Acanthocladium

Acanthocladium
Conservation status

Critically endangered  (EPBC Act)
Scientific classification
Kingdom: Plantae
(unranked): Angiosperms
(unranked): Eudicots
(unranked): Asterids
Order: Asterales
Family: Asteraceae
Genus: Acanthocladium
F.Muell.[1] 1861 not Mitt. 1883 (Sematophyllaceae, a moss)
Species: A. dockeri
Binomial name
Acanthocladium dockeri
F.Muell.
Synonyms[2]

Helichrysum dockeri (F.Muell.) Benth.

Acanthocladium dockeri is a critically endangered species of the Asteraceae family that belongs to the monotypic genus Acanthocladium. It is commonly known as spiny everlasting or spiny daisy. It is native to Australia, and is found around the South Australian town of Laura.[3]

Description

The Spiny everlasting is a woody perennial shrub with spines at branch ends, covered in short white hair. It bears oblong, bumpy fruit.

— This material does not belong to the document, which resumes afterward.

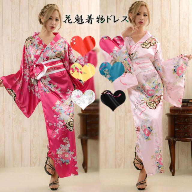 花魁 コスプレ 着物ドレス 花魁 コスプレ衣装 よさこい衣装 和服 ロング 送料無料 太鼓柄花魁着物ロングドレス

Spiny everlasting was presumed extinct in 1992, having suffered habitat loss from clearance for winter crops, but various colonies of it have been found around Laura, near the Spencer Gulf.

Homonym

In 1883, William Mitten used the same name, Acanthocladium, to refer to a group of mosses, now in the family Sematophyllaceae.[4] Several dozen species of mosses were described and place in this genus before it was realized that Mittenn's name represented an illegitimate homonym.[5] The moss genus has since been renamed Wijkia H.A. Crum.[6][7]